Das Buch direkt bei Amazon bestellen Birgit H. Hölscher
Treibjagd an Bord

Scherz TB
ISBN 3-502-51884-X

Ibo Schulz ist Personenschützerin mit einem kleinen Nebenjob: Sie arbeitet als Auftragskillerin für reiche Kunden.
Als eine Operation in Hongkong ansteht, entscheidet sie sich, auf dem Frachter "Soluna" nach Asien zu reisen. Skurrile Passagiere, ein charmanter Kapitän und die Weiten des Ozeans scheinen Urlaubsstimmung zu garantieren.
Doch diese Seefahrt ist alles andere als lustig - Ibo ist nicht die Einzige an Bord, die dunkle Absichten hegt ...

Rezension:
Ein recht ungewöhnlicher Schauplatz, den uns da die Sozialwissenschaftlerin Hölscher präsentiert - gleichzeitig aber ein Setting, in dem wie sonst selten eine "mouse-trap-Situation" geschaffen werden kann.
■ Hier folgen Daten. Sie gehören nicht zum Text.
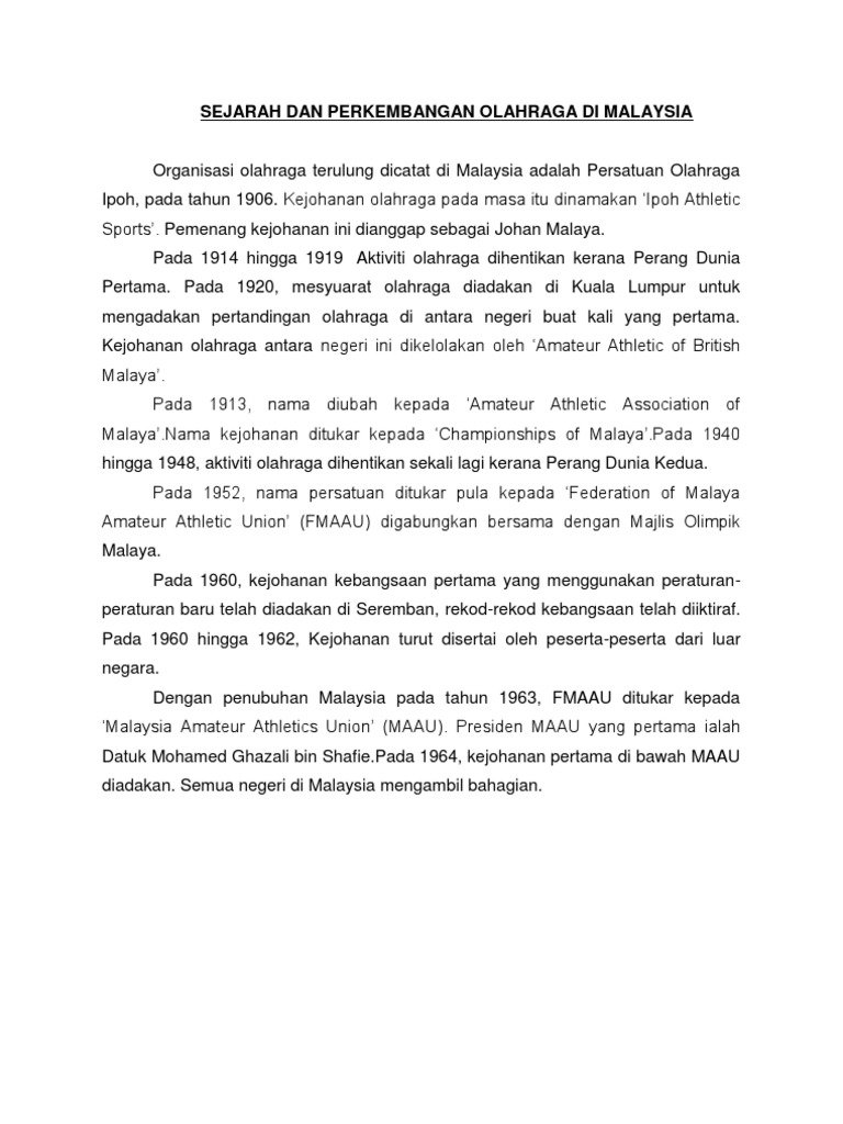 Sejarah Dan Perkembangan Olahraga Di Malaysia

Denn schließlich kann kein Verdächtiger auf einem Schiff so einfach das Weite suchen.
Schön ist: Die schwimmende Mausefalle beherrbergt so einige skurrile Charaktere - schade ist, dass der Bösewicht von Anfang an fest steht.
Wobei Hölscher im furiosen Finale noch einmal sämtliche einer Autorin (noch dazu einer, die, wie diese in den unterschiedlichsten Milieus verdeckte Recherchen durchführte) zur Verfügung stehenden Mittel ausreizt, um den Leser zu verblüffen.
Interessant auch die Wandlung, die die Heldin im Verlauf der Geschichte durchmacht - seltsam und unbefriedigend, wenn nicht fast schon unglaubwürdig, wie die Protagonistin ganz am Schluß ihr komplettes Weltbild und ihre bisherige Tätigkeit in Frage stellt.
Insgesamt aber ein durchaus spannendes und unterhaltsames Werk - nur vielleicht mit ein paar zu vielen losen Enden, die sich aber durchaus als Einstieg für einen Folgeband eignen könnten ...

Miss Sophie

***

Damit das schon mal klar ist: Die SOLUNA ist kein Traumschiff, sondern ein stinknormaler Frachter, dessen Reederei sich etwas dazu verdient, indem sie Passagiere mitnimmt.
Und damit auch das klar ist: Ingeborg "Ibo" Schulz, die auf der SOLUNA in eine seltsame Mordgeschichte verstrickt wird, ist auch keine der süßen kleinen Krimi-Ladies, die sich mit Strickzeug und klugen Sprüchen durch einen Kriminalfall tüfteln.
Nein, Ibo Schulz ist eine Miet-Killerin auf dem Weg zur Arbeit: In Hongkong soll sie jemandem das Licht ausblasen, aber soweit kommt es gar nicht: Auf der SOLUNA stirbt die Gattin eines der Passagiere.
Unfall oder Mord - Stoff genug für die gelangweilten Reisenden, sich den Kopf zu zerbrechen. Bis auf Kanowitsch, den mysteriösen Russen, machen alle mit: Romy, der Transvestit aus Holland, Erwe, der skurrile Heftchen-Schriftsteller oder Olga Petrowa, die spät erblühte Männerjägerin.
Ein Szenario wie von Agatha Christie ersonnen - aber Birgit H. Hölscher. Marlowe-Preisträgerin von 2001 lässt sich nicht darauf ein, die einhundertunderste Version von "Tod auf dem Nil" zu schreiben. Sie konzentriert sich auf Ibo Schulz und das Dilemma, in das die auf einmal gerutscht ist: Als Killerin plötzlich mit der Aufdeckung eines Mordes zu tun zu haben. Dann wenn noch was klar ist, dann das: Je schneller man den Täter unter Passagieren oder Personal gefunden hat, desto schneller kehrt wieder Ruhe ein auf der SOLUNA.
Das allein ist schon eine interessanter Ansatz für eine Kriminalgeschichte, aber als eine der unkonventionellsten Autorinnen der deutschen Krimi-Szene zieht Birgit H. Hölscher die Schraube noch ein Stückchen weiter an und dreht das Murder-Mystery geschickt in einen Action-Thriller: Agatha Christie meets Alistair MacLean.
Das ist nicht nur gut so, sondern ganz ausgezeichnet: eine belebende Mixtur aus Standardsituationen und ungewöhnlichen Seitenblicken. Mit Ibo Schulz als ungewöhnlicher Heldin gehen wir endlich einmal abseits der gequälten "Frauen morden besser"-Pauschalreisen auf Tour: das hier ist Krimi der Luxusklasse, mit einem beeindruckenden bad girl als Reisebegleiterin.